His background in peacemaking led to Cornell becoming a consultant for the U.S. bishops as they drafted a pastoral letter on peace, “The Challenge of Peace: God’s Promise and Our Response,” which was published in 1983.
In addition, he served on the executive committee of the New York-based Dorothy Day Guild, which has promoted the sainthood cause for Day.
The Archdiocese of New York announced in 2016 that a canonical inquiry into Day’s life was underway as part of the effort.
At the time, Cornell welcomed the news in an interview with Catholic News Service, saying he hoped the step would lead the “Catholic Church establishment” to adopt Day’s staunch anti-war positions.
He also said he hoped the process “will speed the day when all the world will know that Catholics favor conscientious objection to war and the development of nonviolent alternatives to conflict resolution and resistance to the imposition of tyranny from within or without a nation state.”
Cornell met Monica, the daughter of Catholic Workers, at the Catholic Worker in New York and they married in 1964. They moved to Newburgh, New York, with their young children. They eventually moved to the Peter Maurin Farm in 1993.
His daughter, Deirdre Cornell of Highland, New York, recalled how her father actively supported the civil rights movement in the 1950s and 1960s, marching with the Rev. Martin Luther King Jr. in Selma, Alabama, in 1965.
She also said his life was rooted in the Catholic Worker. The Cornells also ran a house of hospitality in Waterbury, Connecticut. He also served as director of soup kitchens for a local council of churches in Waterbury for 11 years.
He was ordained a deacon in the Archdiocese of Hartford, Connecticut in 1988. In Marlboro, he served as deacon at St.
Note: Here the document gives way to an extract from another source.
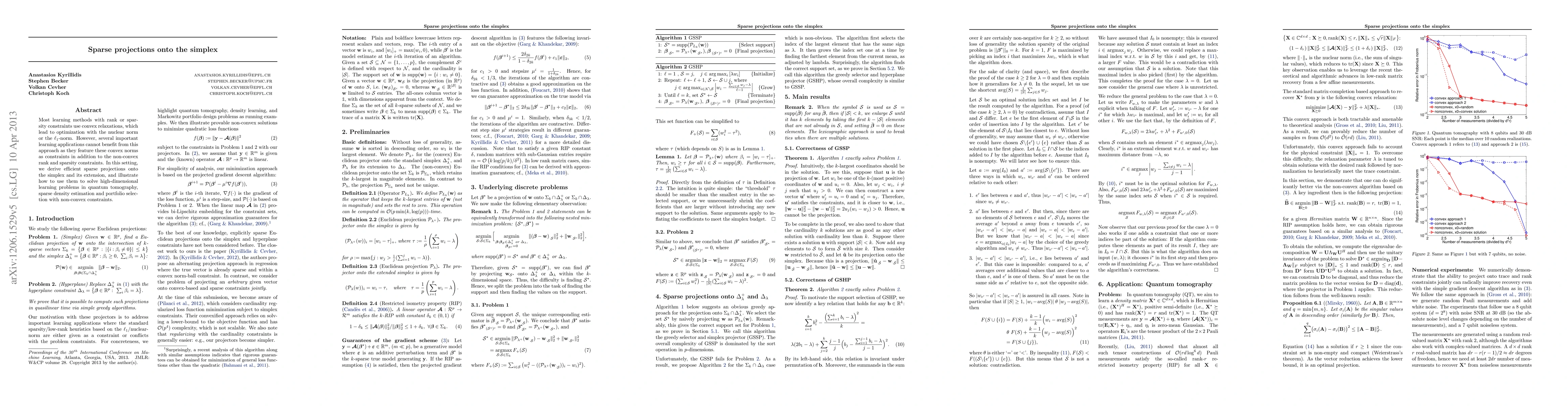 Researchers developed efficient methods for sparse projections onto the simplex to solve complex learning problems with non-convex constraints in quantum tomography, density estimation, and portfolio selection.

Mary’s Church.
Pax Christi USA said Deacon Cornell was one of about a dozen people who attended what is described as the “Pax Christi Affiliation Discussion” in July 1972 from which the organization eventually was formed. He also was a member of the group’s National Council in the mid-1970s, regularly spoke about peacemaking nationwide and mentored young peace advocates for decades.
In 2021, he was named a Pax Christ USA ambassador of peace for his efforts to promote Gospel nonviolence, peacemaking, reconciliation and justice.
Johnny Zokovitch, Pax Christi USA executive director, said in an Aug. 1 statement the organization mourns Cornell’s death.
“Tom’s wit and wisdom, his prophetic edge and challenging witness have been gifts to the Catholic peace and justice movement for over half a century,” Zokovitch said.
“I had the opportunity to speak with Tom and share his company a handful of times and always came away from those times invigorated by his spirit and more deeply rooted because of his critiques of society and government, but also the church and our own movement,” he said.
“We’ve lost a tremendous figure and offer our condolences to Monica, his family and all who know and love him,” Zokovitch added.
Shawn Storer, director of Catholic Peace Fellowship, which is based in South Bend, Indiana, said Cornell had a “huge influence” on his life.
“Tom was a Christian personalist and he always seeing the person in front of him. Tom was one of the most encouraging Christians I ever encountered,” Storer said.
Cornell often urged Catholic Church leaders to support efforts to end wars and support conscientious objection to military service. In 2007, he and two other peace activists arranged a trip to the Vatican to promote more visible backing of conscientious objection by the church hierarchy.
He was born in Bridgeport, Connecticut in 1934 to Thomas Cornell and Ann (Caruso) Cornell.
Besides his wife of 58 years, he is survived by son Thomas Christopher and his partner, Casandra Beam of Marlboro; daughter Deirdre, her husband, Kenney Gould, and their five children of Highland; a sister, Ann Marie Tomasillo of Boynton Beach, Florida; and a niece and two nephews.